La forza internazionale del piano Trump entrerà a Gaza in accordo con l’esercito israeliano, che detterà le condizioni. “Vi parteciperanno soldati da paesi amici di Israele”, dice il ministro della guerra di Tel Aviv, Katz. Opereranno in stretto coordinamento con l’esercito israeliano occupante, all’interno delle zone di Gaza fuori dalla linea gialla. Il loro quartiere generale sarà a Rafah. Il criminale di guerra ricercato Netanyahu ha dichiarato che Trump gli ha chiesto di cessare il fuoco a Gaza, ma gli risposto di no.

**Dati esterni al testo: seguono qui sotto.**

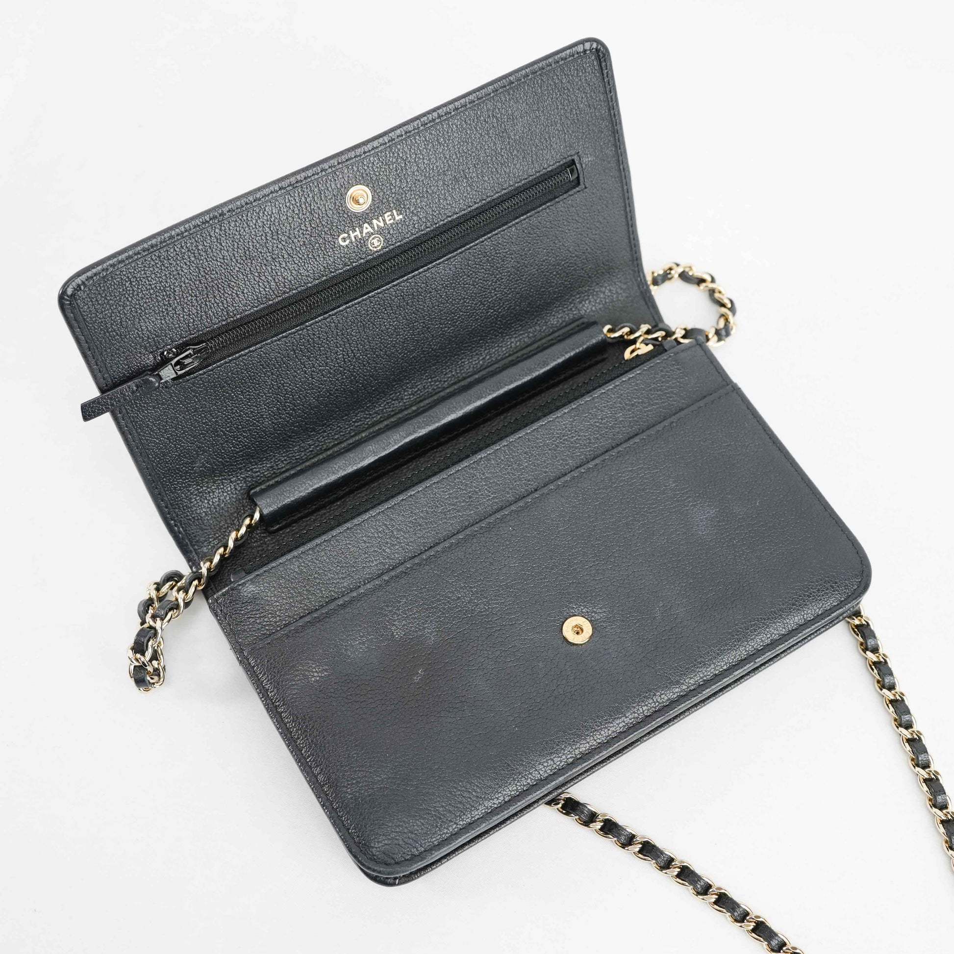 This Camellia Motif Wallet on Chain by Chanel is in great condition. The exterior leather is in great condition with no hard damage. The base corners look good with minimal rubbing. The hardware is bright and shiny. The strap is in good condition. The interior lining is clean with no damage and only slight signs of gentle use. The zipper and snap closures function perfectly.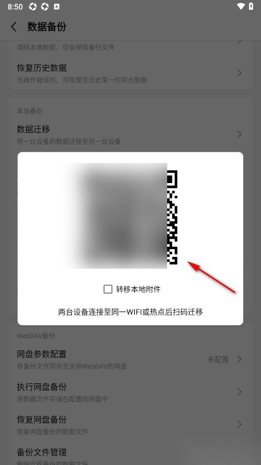 5.那么就需要从旧设备中选择需要迁出的数据文件,再在弹出的窗口中使用新设备扫描二维码即可迁移,需要注意的是两台设备需要连接在同一个WIFI下。

A Gaza non c’è nessun cessate il fuoco.
Questo popolo ha sette anime
È un verso di una poesia di Tawfiq Zayyad, grande poeta palestinese del secolo scorso, scomparso il 5 luglio 1994. “questo popolo ha sette anime,
ogni volta che muore, rinasce più giovane e bello”. Ascolta la poesia inserita nella Cantata Rossa per Tal El Zaatar di Giulio Stocchi e Gaetano Liguori.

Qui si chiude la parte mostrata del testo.